Author's avatar By Expert commentator 07 Nov, 2016
Essential Essential topic

Marketing agencies need to learn from tech leaders

Having spent ten years spearheading one of the UK’s leading dot com companies to digital success, Dave Heath is now shaking up the agency landscape by taking dot com thinking into agency processes.

Dave believes all companies should behave like a dot com; and an agency’s role is to help clients take a dot com approach to gain competitive advantage, especially where technology is core to achieving business goals – arguably in 2016 this is almost every company.

Some of the largest dot com companies are undoubtedly leading the field in digital innovation, delivering huge profits as a result. 
Dot coms tend to act differently to multi-channel businesses that have added digital on to more traditional ‘offline’ routes to market. This became more apparent when I came agency-side a year ago.

Years ago dot coms’ recognised that their consumer world starting to change faster than they could react to, this drove them to internally re-align their people, process and technology to enable them to be as reactive to this faster consumer change. A by-product of this thinking and doing also drives innovation. Empowered teams had to be able to challenge many constraints – from red tape process and monolithic architectures that impacted each team to be able to change direction as fast as possible, with the least amount of disruption and waste.

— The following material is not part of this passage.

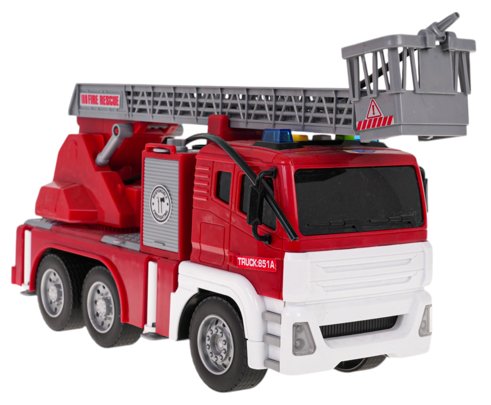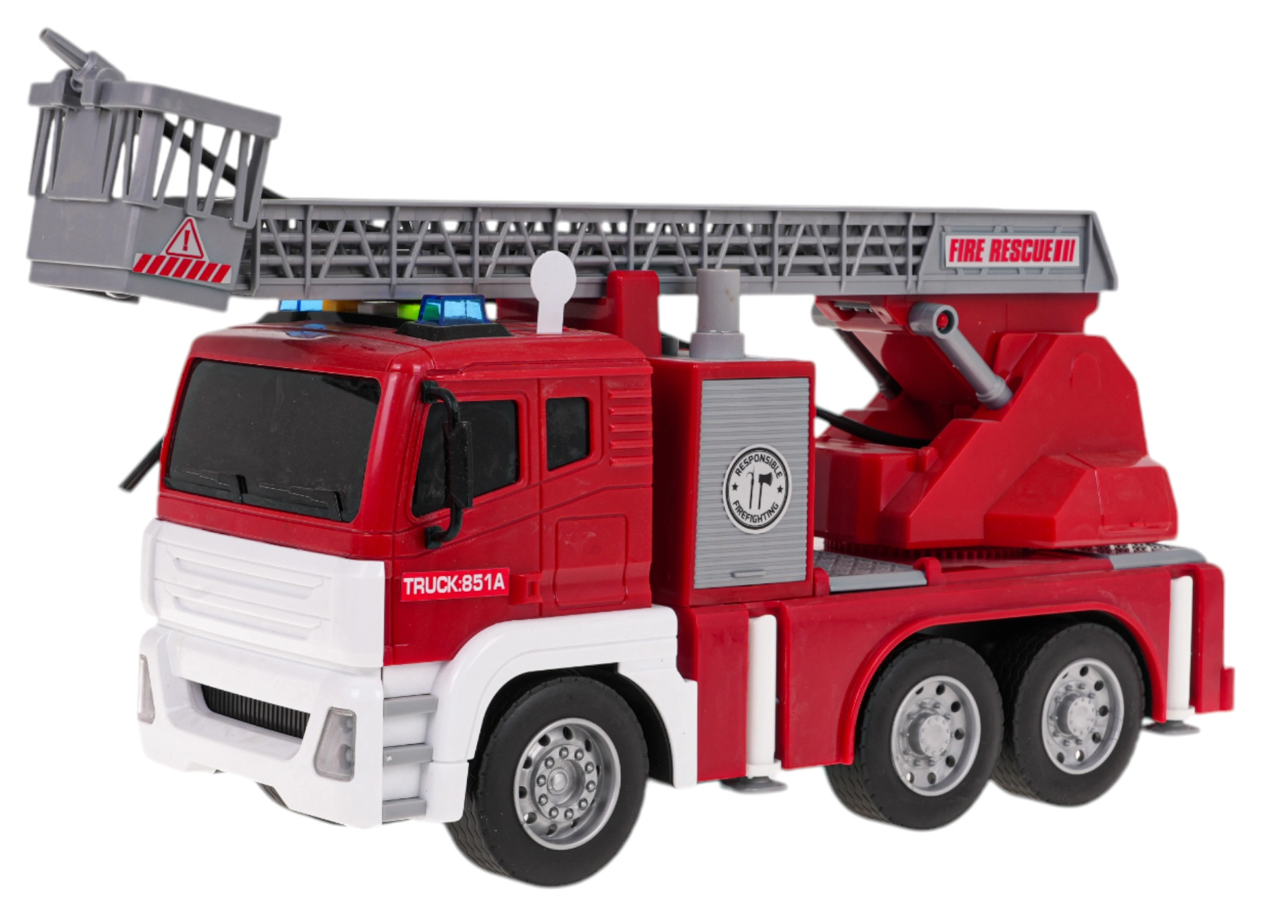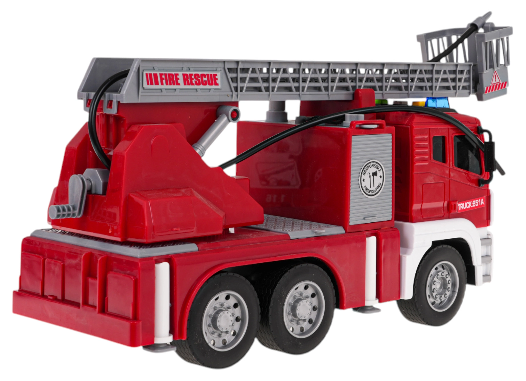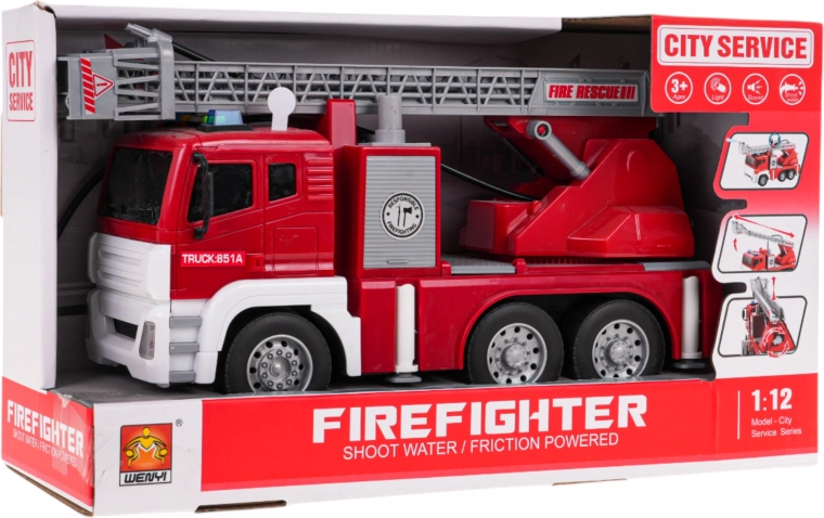 See interaktiivne tuletõrjeauto on ideaalne mängukaaslane lastele, kes armastavad põnevat tegutsemist. Sõiduk on valmistatud kõrgekvaliteedilistest materjalidest ja köidab pilku erksate värvidega. Tänu liikuvale reguleeritavale redelile, kummirehvidele ja vee pihustamise funktsioonile on mäng eriti realistlik ja lõbus. Auto liigub eesmistele ratastele mõjuva hõõrdejõumehhanismiga ning on varustatud valgusefektide ja helisignaalidega, mis simuleerivad päris väljakutset.

What lessons can we learn from dotcoms behaviour?

Dot coms generally take four themes that depend on each other to work, and they deliver this through in-house cross functional autonomous teams, setting their own rules.

The first theme is they align their organisation for success – not by grouping disciplines together into a marketing department, an IT department and design department for example.– this promotes a lack of collaboration, increases blame culture and waste. In fact, they look at their product offering and split it into a set of smaller stand-alone products as much as they can – and align a mix of disciplines into cross functional teams that own these discreet parts of the overall product. Consider it is a mini business inside the business.

The second theme is that this team are then given problems to solve – and not given predefined solutions. They need to take ownership and accountability for solving a business problem – this is a fundamental part of empowerment and autonomy. A team that is given the problem of increasing their conversion by 3% will create more innovative ways to solve that problem and in many ways over deliver, as opposed to being told to simply change all the buttons to blue as blue converts better.


The third theme is that the team create fast feedback loops that apply a ‘build – measure – learn’ culture. They effectively define a hypothesis that solves a given problem, deliver an MVP against it as fast as possible then measure it. The team then learn and iterate on the product until a point where the value return is not worth further investment – exploiting the 80% of the value from 20% of the effort rule. Then the team move on to their next priority hypothesis & value and repeat the process.

Underpinning these 3 themes is the fact that they invest in supporting a culture of continuous improvement and learning, allowing the team to challenge everything, taking the time to remove constraints  & dependencies or blockers in process & technology that inhibit the discreet teams to iterate as fast as possible. As an example, if 2 teams rely on a shared system, process or dependency which causes delay in the way those teams operate or improve, the teams must aim to remove the dependency so they can work again more autonomously – and not accept it as immovable.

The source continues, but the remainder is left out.